Connect to google drive

In [None]:
from google.colab import drive
drive.mount("/content/gdrive")

**DOWNLOAD DATA**

From the link download "Repositories with more than 50 stars part 2" (56.8 GB)


https://jetbrains.team/p/ccrm/repositories/fl-dataset/files/docs/README.md#download 

We only use Java files:

- You can only keep "dataset-open-50-more-2/dataset/v3/languages/Java" which is around 13 GB
- Extract the java files in colab local (reading through from google drive takes more time)

In [None]:
!unzip "/content/gdrive/My Drive/Java.zip" -d "javadata"
dataDir = 'javadata/Java/.java'  

 ***IMPORT PACKAGES***

In [None]:
!pip3 install tree_sitter
!git clone https://github.com/tree-sitter/tree-sitter-java

In [4]:
from tree_sitter import Language, Parser
import os
from tqdm import tqdm
import matplotlib.pyplot as plt

Create python dependency for tree_sitter 

In [6]:
Language.build_library(
  # Store the library in the `build` directory
  'build/my-languages.so',

  # Include one or more languages
  [
    'tree-sitter-java'
  ]
)
JAVA_LANGUAGE = Language('build/my-languages.so', 'java')
parser = Parser()
parser.set_language(JAVA_LANGUAGE)

# **Traversing AST tree of java files**


In [7]:
def traverse_tree(tree):
  cursor = tree.walk()

  reached_root = False
  while reached_root == False:
    
    yield cursor.node

    if cursor.goto_first_child():
      continue

    if cursor.goto_next_sibling():
      continue

    retracing = True
    while retracing:
      if not cursor.goto_parent():
        retracing = False
        reached_root = True

      if cursor.goto_next_sibling():
        retracing = False

In [None]:
content = []
c=0
for root, dirs, files in tqdm(os.walk(dataDir), position=0):
  for file in files:
    file_name = os.path.join(root, file)

    if os.path.isfile(file_name):
      try:
        number_of_comment = 0
        file = open(file_name, mode='r')
        number_of_lines = len(file.readlines())
        file.seek(0)
        all_of_it = file.read()
        file.close()
        ast = parser.parse(bytes(all_of_it, "utf8"))

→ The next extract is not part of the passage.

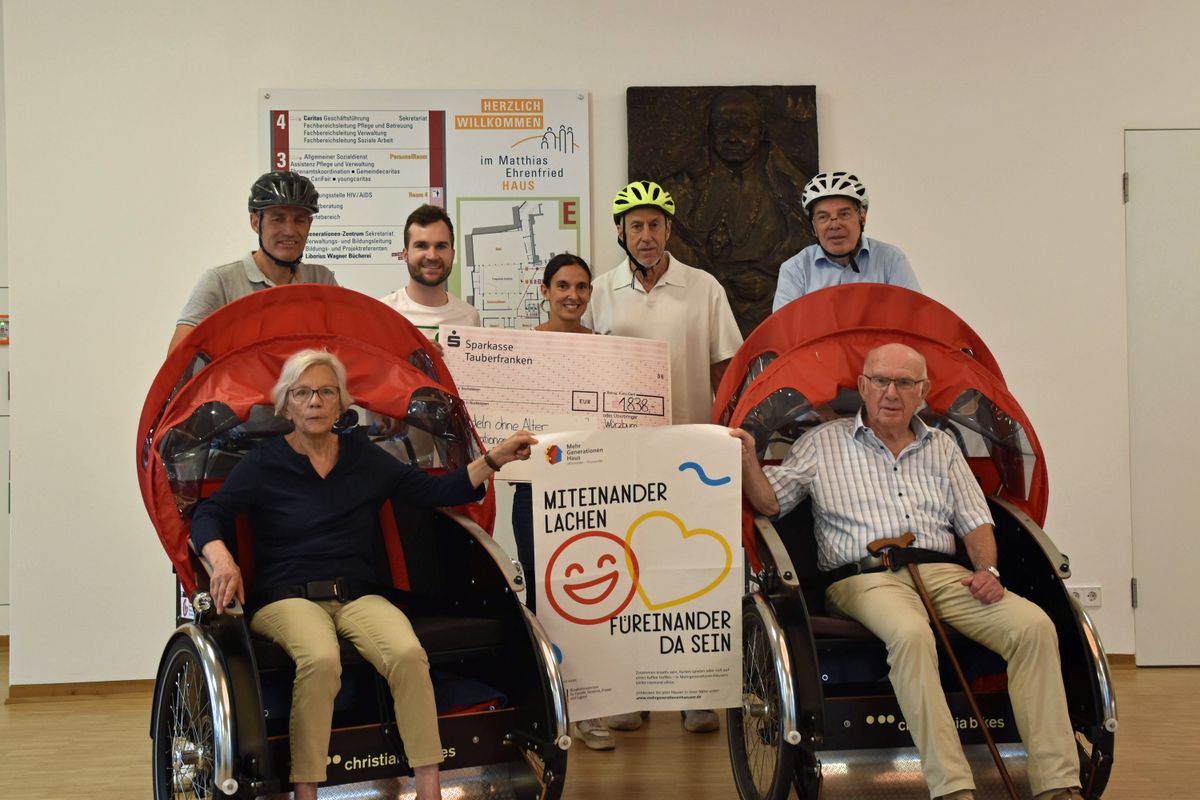 Bildungsreferentin Carolin Lutz nahm den symbolischen Scheck am Montag, 22. Juli, entgegen. Das Geld soll unter anderem für Reparaturen, Radzubehör und Sicherheitswesten verwendet werden. Das kostenlose Angebot „Radeln ohne Alter“ ging im Frühjahr 2022 mit einer Rikscha an den Start. In diesem Sommer wurde eine zweite Rikscha angeschafft. Zehn ehrenamtliche Fahrerinnen und Fahrer fahren zu Seniorenheimen und Tagespflegeeinrichtungen sowie Privatpersonen. „,Radeln ohne Alter‘ setzt sich für die Teilhabe von Menschen mit eingeschränkter Mobilität am gesellschaftlichen Leben und gegen die Vereinsamung und soziale Isolation älterer Mitmenschen ein“, heißt es in der Pressemitteilung des Generationen-Zentrums. Eine Rikscha-Fahrt sei ein Abenteuer, „bei dem gemeinsame Erinnerungen geschaffen und Lebensgeschichten geteilt werden“. Das sei für beide Seiten ein Gewinn. 2019 fuhr Reinhard erstmals mit dem Rad von Kopenhagen bis Barcelona, damals sammelte er Spenden für die Krebsforschung und Krebsstationen. In diesem Jahr fuhren er und Nohe bei der L'Étape Denmark, die ein Teil der „Tour de France“-Breitensport-Serie ist, rund 300 Kilometer mit dem Rad von Flensburg bis Viborg in Dänemark. Mehr Informationen zum Projekt „Radeln ohne Alter“ beim Generationen-Zentrum Matthias Ehrenfried, Bahnhofstraße 4-6, 97070 Würzburg, Telefon 0931/38668700, E-Mail info@generationen-zentrum.com, Internet www.generationen-zentrum.com.

        for node in traverse_tree(ast):
          if node.type == "comment":
            number_of_comment +=  1

        content.append((number_of_lines,number_of_comment))
        c +=1
        print(c)
      except:
        pass

#**Remove outliers**

From around 1.6 million files, only few thousand files are with more than 1K comments and bigger than 5K lines, we can so ignore them as follow:


In [None]:
#total number of java files:
file_count = len(content)

print("Total number of Java Files: " + str(file_count))
#total number of files with number of comments>1000
#print("Total number of Java Files with number of comments more than 1K: " + str(outliers))
#From around 1.6 million files, only around 200 files are with more than 1k comments, we can so ignore them as follow:

#print("Total number of Java Files with length > 10K line: " + str(outliers))
#From around 1.6 million files, only around  files are with bigger than 5K lines, we can so ignore them as follow:
content_filtered = [x for x in content if x[0]<=5000 and x[1]<1000]

# **GRAPHS PLOTTING**


Graph for how many files exists per spesific number of comments range


In [None]:
comment_count_per_file_list = [x[1] for x in content_filtered]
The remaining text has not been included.